Plant Genome. 2026 Mar;19(1):e70208. doi: 10.1002/tpg2.70208.
ABSTRACT
“Cytosine methylation plays an important role in the regulation of gene expression in plants.” Some iteration of this statement can be found in most papers centered on plant epigenetics and has become a widely accepted textbook claim. However, our generalized understanding of how DNA methylation exerts control over transcription is now challenged by observations demonstrating that transcriptional levels of most genes are unresponsive to DNA methylation changes. On a genome-wide scale, associations between DNA methylation and transcription are usually statistically weak. Even when correlations are found, the cause and effect can be difficult to identify, as methylation changes sometimes follow rather than precede transcriptional changes.
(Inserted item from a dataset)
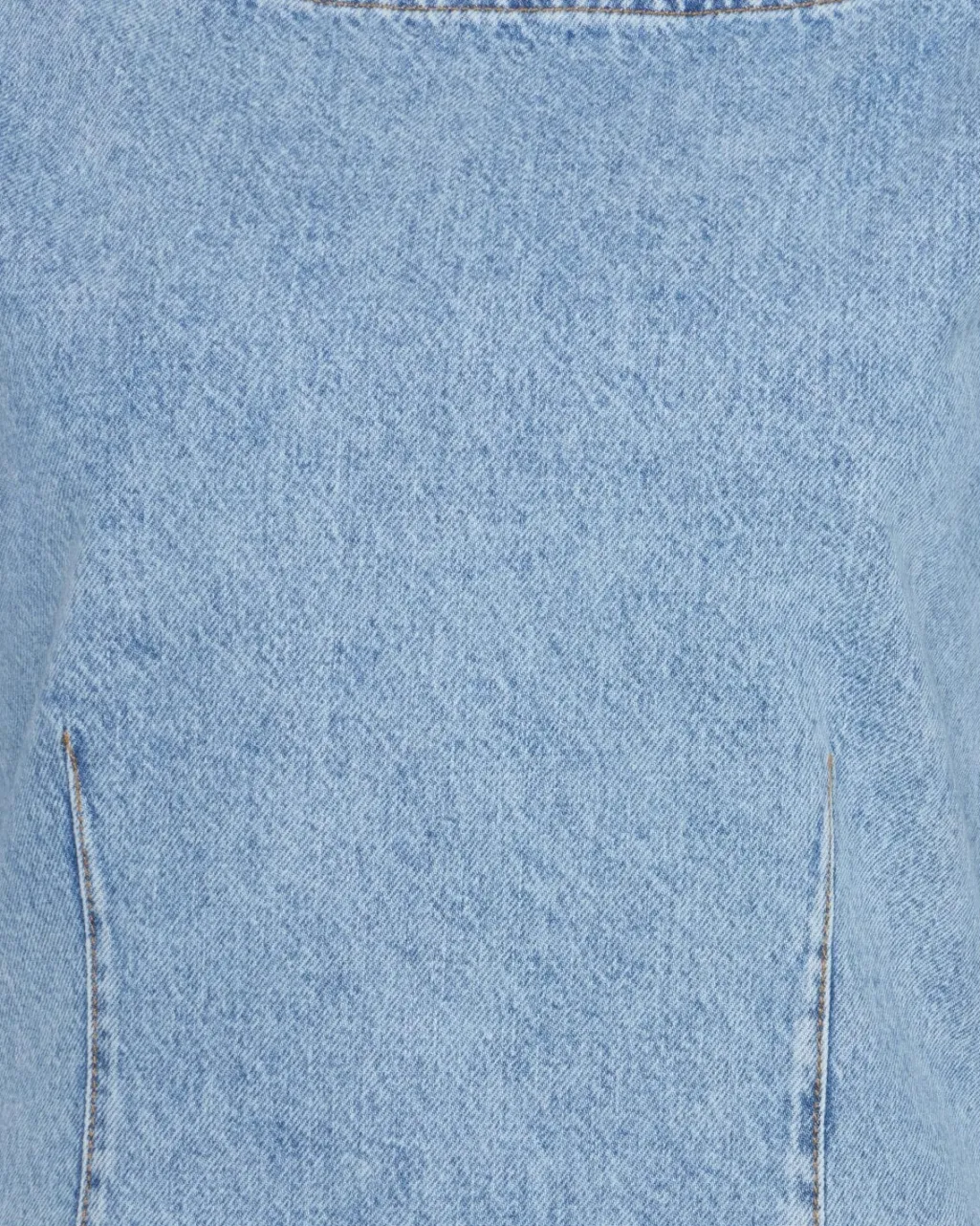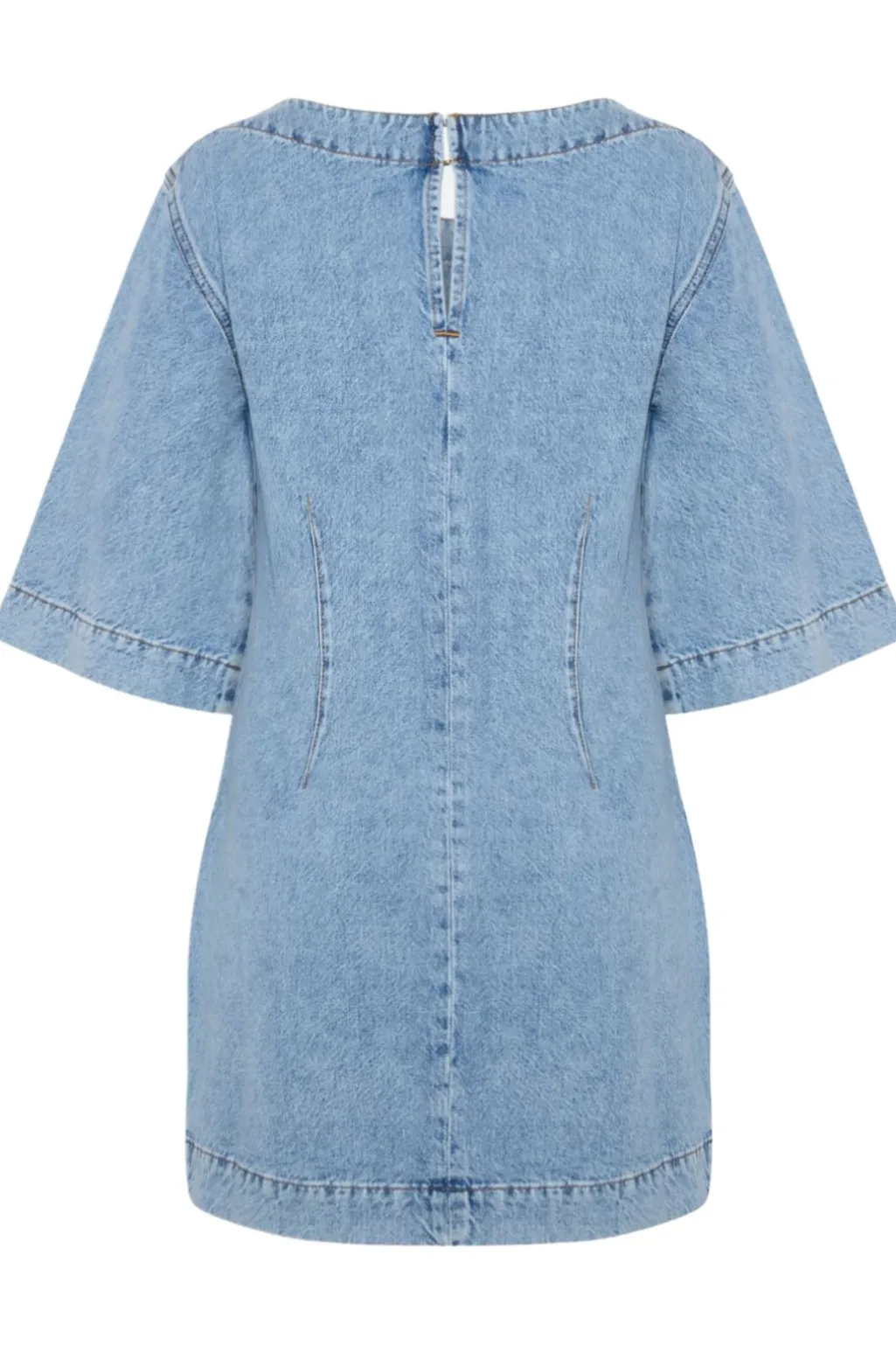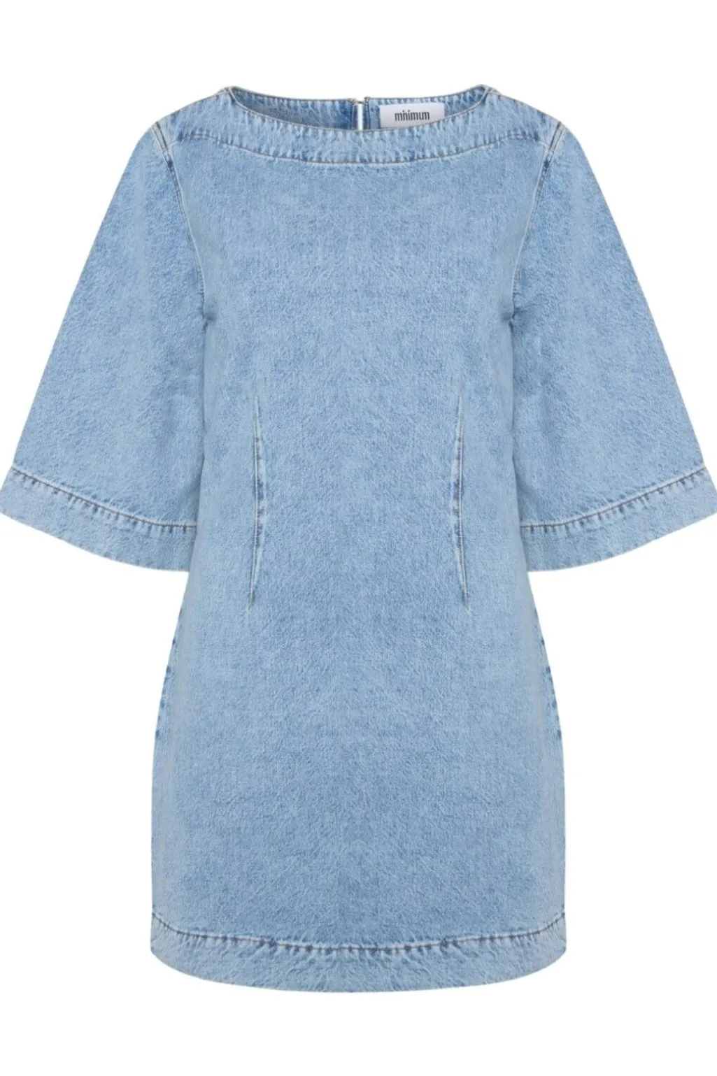 Lys blå denimkjole fra Moves By Minimum med lodrette sømme og lynlås i ryggen. De korte klokkeærmer og den runde halsudskæring giver kjolen et rent design.

While a growing number of studies explore a possible connection between differentially expressed genes (DEGs) and differentially methylated genes (DMGs), we demonstrate here that DEG-DMG overlaps are often significantly smaller than what could be expected by chance. This indicates that, contrary to expectations, changes in DNA methylation and changes in transcription sometimes avoid one another. Here, we discuss such observations and their implications for the hypothesis of a widespread control of gene expression directly by DNA methylation. While there are well-documented examples where DNA methylation regulates transcription, we argue that such cases represent a minority of genes, and we opine that approaches of reverse epigenetics are therefore unlikely to find broad application in breeding.